Yikes! Free Software not properly documented! :)
It's not just a case of bad docs here. In this case it means it's not documented because it's private to libpeas, i.e. an implementation detail. For the same reason the peas-plugin-loader.h is not installed/distributed.
While it has a plugin architecture for loaders it doesn't seem designed to allow for 3rd party loaders.
As above, I presume the idea is that new loaders should be contributed back upstream.
Since we want plugin authors to be able to create loaders we need something that's stable and documented.

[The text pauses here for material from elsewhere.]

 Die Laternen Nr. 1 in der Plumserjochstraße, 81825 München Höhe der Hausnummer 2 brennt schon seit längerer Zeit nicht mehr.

Then why do you want to write our own libpeas into the existing C plugin loader? It will (at least for some time) be buggier, and less widely tested/used/maintained (ie. only by us), take lots of extra effort, not automate the bridge between core and the plugins' language, probably be less well-documented, and after all, the end result would most-likely provide an inferior experience for non-C plugin authors.
I do not want to actually write that. However, I'm not convinced of libpeas yet (especially because if the .ini aspect), and then there's no alternative left. It only has to work well for us so I think the maintainance effort is manageable (and we'd have more control).

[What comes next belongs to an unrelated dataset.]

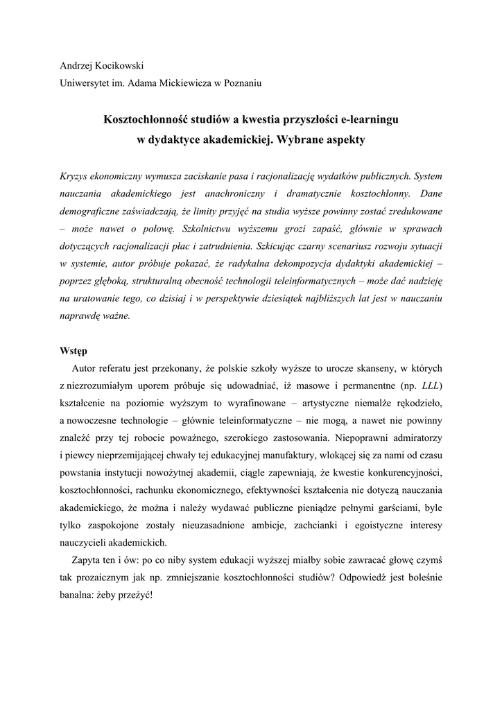 Andrzej Kocikowski Uniwersytet im. Adama Mickiewicza w Poznaniu Kosztochłonność studiów a kwestia przyszłości e-learningu w dydaktyce akademickiej. Wybrane aspekty Kryzys ekonomiczny wymusza zaciskanie pasa i racjonalizację wydatków publicznych. System nauczania akademickiego jest anachroniczny i dramatycznie kosztochłonny. Dane demograficzne zaświadczają, że limity przyjęć na studia wyższe powinny zostać zredukowane – może nawet o połowę. Szkolnictwu wyższemu grozi zapaść, głównie w sprawach dotyczących racjonalizacji płac i zatrudnienia. Szkicując czarny scenariusz rozwoju sytuacji w systemie, autor próbuje pokazać, że radykalna dekompozycja dydaktyki akademickiej – poprzez głęboką, strukturalną obecność technologii teleinformatycznych – może dać nadzieję na uratowanie tego, co dzisiaj i w perspektywie dziesiątek najbliższych lat jest w nauczaniu naprawdę ważne. Wstęp Autor referatu jest przekonany, że polskie szkoły wyższe to urocze skanseny, w których z niezrozumiałym uporem próbuje się udowadniać, iż masowe i permanentne (np. LLL) kształcenie na poziomie wyższym to wyrafinowane – artystyczne niemalże rękodzieło, a nowoczesne technologie – głównie teleinformatyczne – nie mogą, a nawet nie powinny znaleźć przy tej robocie poważnego, szerokiego zastosowania. Niepoprawni admiratorzy i piewcy nieprzemijającej chwały tej edukacyjnej manufaktury, wlokącej się za nami od czasu powstania instytucji nowożytnej akademii, ciągle zapewniają, że kwestie konkurencyjności, kosztochłonności, rachunku ekonomicznego, efektywności kształcenia nie dotyczą nauczania akademickiego, że można i należy wydawać publiczne pieniądze pełnymi garściami, byle tylko zaspokojone zostały nieuzasadnione ambicje, zachcianki i egoistyczne interesy nauczycieli akademickich. Zapyta ten i ów: po co niby system edukacji wyższej miałby sobie zawracać głowę czymś tak prozaicznym jak np. zmniejszanie kosztochłonności studiów? Odpowiedź jest boleśnie banalna: żeby przeżyć! Teza I: żeby przeżyć, należy koniecznie zmniejszyć kosztochłonność systemu Kryzys ekonomiczny, którego dotkliwe i dramatyczne skutki społeczne mamy dopiero przed sobą, bardzo wyraźnie ujawnia konieczność radykalnej i trwałej poprawy konkurencyjności we wszystkich sektorach gospodarki. Ponieważ instytucje naukowodydaktyczne są immanentną częścią każdego systemu gospodarczego (szerzej: społecznego), przedmiotowy problem dotyczy ich w taki sam sposób jak przemysłu czy rolnictwa. Rynek usług edukacyjnych topnieje w bardzo szybkim tempie. W ciekawym opracowaniu z marca 2010 roku prof. Wodecki przytacza dane demograficzne bezlitośnie przemawiające za tezą, iż obecne limity przyjęć w systemie polskiego szkolnictwa wyższego będą w coraz wyższym stopniu trwale niewykorzystane – wskaźnik niewykorzystania zbliży się za jakiś czas do 50%. Nie sposób nie zapytać, kogo i czego zamierzają uczyć setki manufaktur pod szyldem „polskie szkoły wyższe”? Czy nauczyciele akademiccy ze zrozumieniem zaakceptują np. 50-procentową redukcję zatrudnienia w systemie? W roku 2007 nieznacznie wzrosła liczba urodzeń – urodziło się 388 tys. dzieci [...]. Jeśli wszystkie te dzieci w r. 2026 rozpoczną studia (to już za 16 lat), a przed nimi roczniki, które przecież były mniej liczne, to wszyscy – pięć kompletnych populacji (roczniki od 2002 do 2007) mogłyby zostać zapisane w jakimś przyszłym opracowaniu GUS jako ok 1 mln 900 tys. studentów na wszystkich typach studiów. Rachunkowo jest to możliwe, ale nie sposób nie zapytać, czy jest to możliwe realnie? Czy prawdopodobieństwo uzyskania matury przez pięć kolejnych kompletnych populacji wynosi 100%? Czy prawdopodobieństwo przebrnięcia kolejnych kompletnych populacji przez wszystkie lata studiów wynosi 100%? Powyższe pytania, co oczywiste, są pytaniami retorycznymi. Kandydatów na studia nie wystarczy nawet dla najpoważniejszych jednostek, a wyścig po „pojedyncze sztuki” już ruszył. Kto przeżyje? Kto upadnie? Powtórzmy odpowiedź proponowaną już wcześniej: przeżyją ci, którzy wypracują najlepszą ofertę edukacyjną, trwale i radykalnie zmniejszając koszt tego szczególnego produktu. Przypomnijmy sobie kilka banałów: poprawie konkurencyjności na rynku usług edukacyjnych sprzyjają ilościowy i jakościowy walor oferty edukacyjnej, a przede wszystkim jej koszt. Jeśli dana jednostka (instytucja naukowo-dydaktyczna) zaproponuje więcej interesujących programów studiów, prowadzonych na wysokim poziomie i uwzględniających realia rynku pracy, a na ich realizację zużyje znacznie mniej pieniędzy niż inni – jej oferta edukacyjna będzie bardziej konkurencyjna. Można też przy tej okazji przypomnieć, że na całkowity koszt wykształcenia absolwenta, poza kosztem ponoszonym przez instytucję edukacyjną, składa się również koszt ponoszony przez studenta (np. papierowe podręczniki, dojazdy, zakwaterowanie). Zatem każda oferta edukacyjna, która z uwagi na swój unikatowy kształt prowadzi do wyraźnego zmniejszania kosztów zdobywania wykształcenia (ponoszonych przez studenta), wzmacnia pozycję danej szkoły na rynku usług edukacyjnych, Konkurencyjność oferty edukacyjnej determinowana jest przez jeszcze jeden czynnik. Wielu młodych ludzi – niektórzy już w szkole średniej, inni tuż po podjęciu studiów – rozpoczęło pracę zarobkową, bardzo często poza granicami kraju. Zatem każda oferta edukacyjna, która z uwagi na swój unikatowy kształt pozwala zdobywać wysokiej jakości wykształcenie w czasie i miejscu odpowiadającym wymaganiom (możliwościom) współczesnego studenta, wzmacnia konkurencyjność danej szkoły na rynku usług edukacyjnych. Pojawia się pytanie, w jaki sposób i przy pomocy czego można osiągać dyskutowany rezultat. Zanim odpowiemy, pofolgujmy przez chwilę wyobraźni: wyobr

I think you're under-estimating the effort required, even not including the proxy plugin changes you want to add in as discussed originally. The (reverse) bindings stuff to call out to the non-C plugin languages, the work involved in setting up their interpreters, and only loading them when actually needed, a way to find meta-info about them without loading them (and their interpreters), and probably much more (I guess just look at libpeas source, most of it would have to be written, presumably).
But if libpeas can actually help us I'm happy to adopt it. I really mean it.
I think it's a pretty good way forward without breaking existing loader and it also happens work nicely with adapting GObject-Introspection for auto-API-bindings, since that will auto-bind the peas extension points (reverse of API bindings), making it actually usable from non-C/GObject without extra work.